**Exercise**
Your copy should match the entries below exactly, apart from the images.

Top of Source data

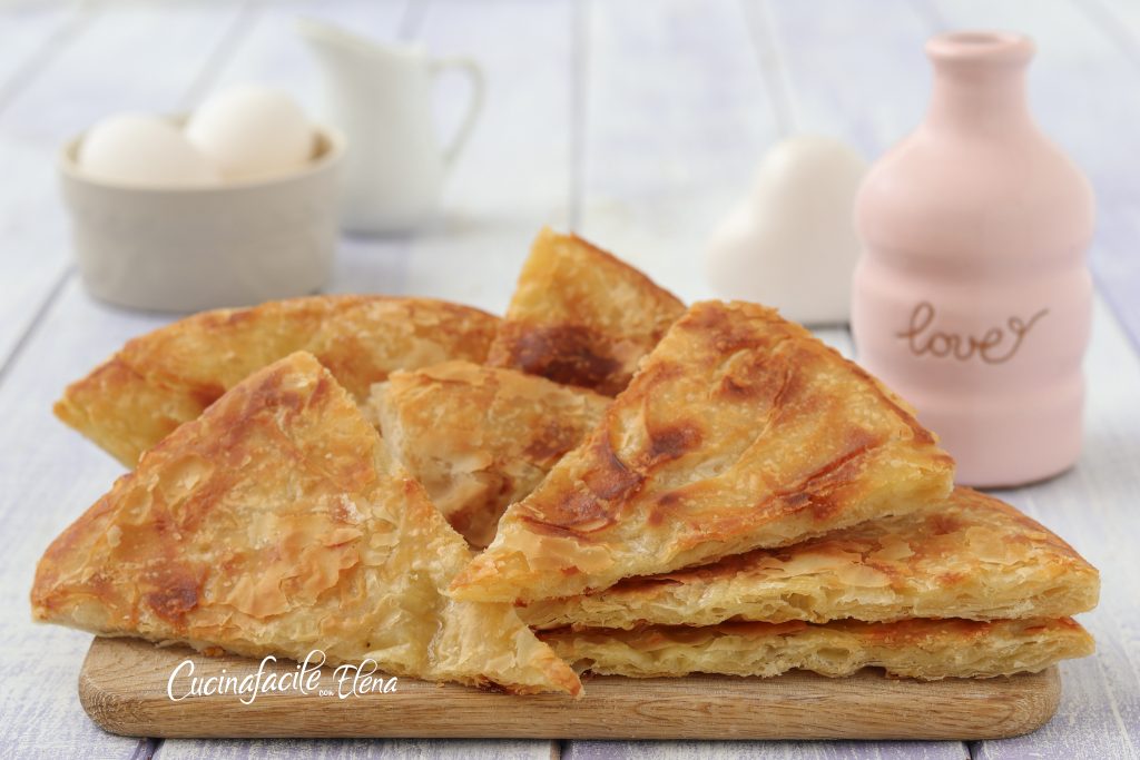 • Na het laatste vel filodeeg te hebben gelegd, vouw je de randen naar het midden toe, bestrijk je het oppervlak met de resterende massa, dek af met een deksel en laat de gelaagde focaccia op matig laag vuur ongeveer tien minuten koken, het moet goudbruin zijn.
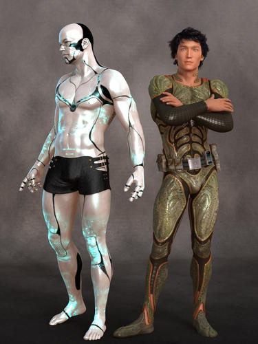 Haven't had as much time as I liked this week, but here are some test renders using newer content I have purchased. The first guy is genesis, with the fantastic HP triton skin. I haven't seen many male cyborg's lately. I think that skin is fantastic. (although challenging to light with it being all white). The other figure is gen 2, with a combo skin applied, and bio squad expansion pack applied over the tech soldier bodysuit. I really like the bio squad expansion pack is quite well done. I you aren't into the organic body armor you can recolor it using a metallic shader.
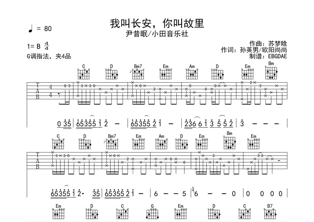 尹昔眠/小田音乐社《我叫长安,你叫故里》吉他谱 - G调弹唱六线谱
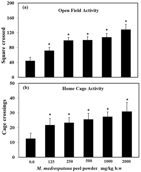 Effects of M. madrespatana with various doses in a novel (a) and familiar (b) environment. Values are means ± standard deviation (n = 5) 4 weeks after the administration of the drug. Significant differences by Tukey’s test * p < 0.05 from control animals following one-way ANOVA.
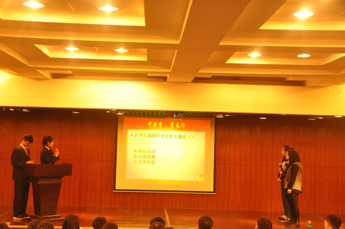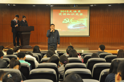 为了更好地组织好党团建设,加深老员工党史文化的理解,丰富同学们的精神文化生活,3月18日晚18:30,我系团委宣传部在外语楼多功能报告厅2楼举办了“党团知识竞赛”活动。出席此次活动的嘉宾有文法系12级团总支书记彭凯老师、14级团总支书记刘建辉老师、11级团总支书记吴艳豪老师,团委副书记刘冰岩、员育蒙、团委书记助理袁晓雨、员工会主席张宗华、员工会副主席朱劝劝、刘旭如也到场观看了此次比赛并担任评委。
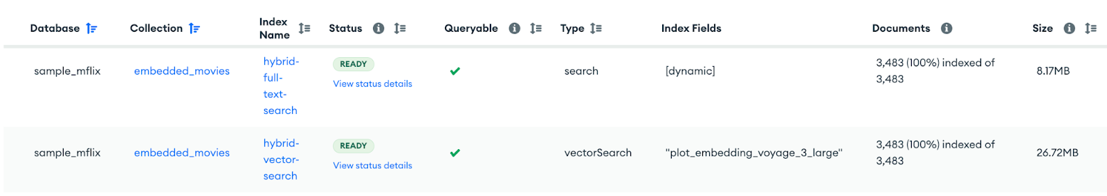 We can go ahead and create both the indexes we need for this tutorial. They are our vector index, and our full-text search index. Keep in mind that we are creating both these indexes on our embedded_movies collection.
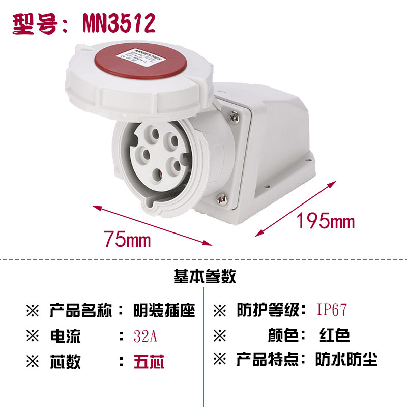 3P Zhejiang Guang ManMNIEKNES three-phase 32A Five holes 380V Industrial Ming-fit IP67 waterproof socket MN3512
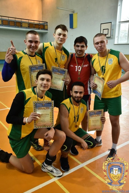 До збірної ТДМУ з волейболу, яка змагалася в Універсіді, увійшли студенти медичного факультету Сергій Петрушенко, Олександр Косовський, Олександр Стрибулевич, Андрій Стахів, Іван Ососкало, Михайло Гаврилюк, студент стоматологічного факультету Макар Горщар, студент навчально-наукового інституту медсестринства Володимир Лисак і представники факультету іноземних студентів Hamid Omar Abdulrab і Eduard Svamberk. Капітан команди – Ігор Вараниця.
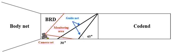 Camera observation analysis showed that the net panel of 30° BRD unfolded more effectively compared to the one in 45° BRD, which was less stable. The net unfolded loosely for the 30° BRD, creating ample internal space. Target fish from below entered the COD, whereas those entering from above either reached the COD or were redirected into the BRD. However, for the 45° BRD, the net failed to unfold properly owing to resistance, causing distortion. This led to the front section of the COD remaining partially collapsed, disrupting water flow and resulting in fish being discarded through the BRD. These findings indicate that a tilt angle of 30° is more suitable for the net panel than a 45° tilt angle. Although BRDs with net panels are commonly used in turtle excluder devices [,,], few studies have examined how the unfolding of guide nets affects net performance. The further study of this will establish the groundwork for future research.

Bottom of Source data

**Exercise solution**
 • Na het laatste vel filodeeg te hebben gelegd, vouw je de randen naar het midden toe, bestrijk je het oppervlak met de resterende massa, dek af met een deksel en laat de gelaagde focaccia op matig laag vuur ongeveer tien minuten koken, het moet goudbruin zijn.
 Haven't had as much time as I liked this week, but here are some test renders using newer content I have purchased. The first guy is genesis, with the fantastic HP triton skin. I haven't seen many male cyborg's lately. I think that skin is fantastic. (although challenging to light with it being all white). The other figure is gen 2, with a combo skin applied, and bio squad expansion pack applied over the tech soldier bodysuit. I really like the bio squad expansion pack is quite well done. I you aren't into the organic body armor you can recolor it using a metallic shader.
 尹昔眠/小田音乐社《我叫长安,你叫故里》吉他谱 - G调弹唱六线谱
 Effects of M. madrespatana with various doses in a novel (a) and familiar (b) environment. Values are means ± standard deviation (n = 5) 4 weeks after the administration of the drug. Significant differences by Tukey’s test * p < 0.05 from control animals following one-way ANOVA.
 为了更好地组织好党团建设,加深老员工党史文化的理解,丰富同学们的精神文化生活,3月18日晚18:30,我系团委宣传部在外语楼多功能报告厅2楼举办了“党团知识竞赛”活动。出席此次活动的嘉宾有文法系12级团总支书记彭凯老师、14级团总支书记刘建辉老师、11级团总支书记吴艳豪老师,团委副书记刘冰岩、员育蒙、团委书记助理袁晓雨、员工会主席张宗华、员工会副主席朱劝劝、刘旭如也到场观看了此次比赛并担任评委。
 We can go ahead and create both the indexes we need for this tutorial. They are our vector index, and our full-text search index. Keep in mind that we are creating both these indexes on our embedded_movies collection.
 3P Zhejiang Guang ManMNIEKNES three-phase 32A Five holes 380V Industrial Ming-fit IP67 waterproof socket MN3512
 До збірної ТДМУ з волейболу, яка змагалася в Універсіді, увійшли студенти медичного факультету Сергій Петрушенко, Олександр Косовський, Олександр Стрибулевич, Андрій Стахів, Іван Ососкало, Михайло Гаврилюк, студент стоматологічного факультету Макар Горщар, студент навчально-наукового інституту медсестринства Володимир Лисак і представники факультету іноземних студентів Hamid Omar Abdulrab і Eduard Svamberk. Капітан команди – Ігор Вараниця.
 Camera observation analysis showed that the net panel of 30° BRD unfolded more effectively compared to the one in 45° BRD, which was less stable. The net unfolded loosely for the 30° BRD, creating ample internal space. Target fish from below entered the COD, whereas those entering from above either reached the COD or were redirected into the BRD. However, for the 45° BRD, the net failed to unfold properly owing to resistance, causing distortion. This led to the front section of the COD remaining partially collapsed, disrupting water flow and resulting in fish being discarded through the BRD. These findings indicate that a tilt angle of 30° is more suitable for the net panel than a 45° tilt angle. Although BRDs with net panels are commonly used in turtle excluder devices [,,], few studies have examined how the unfolding of guide nets affects net performance. The further study of this will establish the groundwork for future research.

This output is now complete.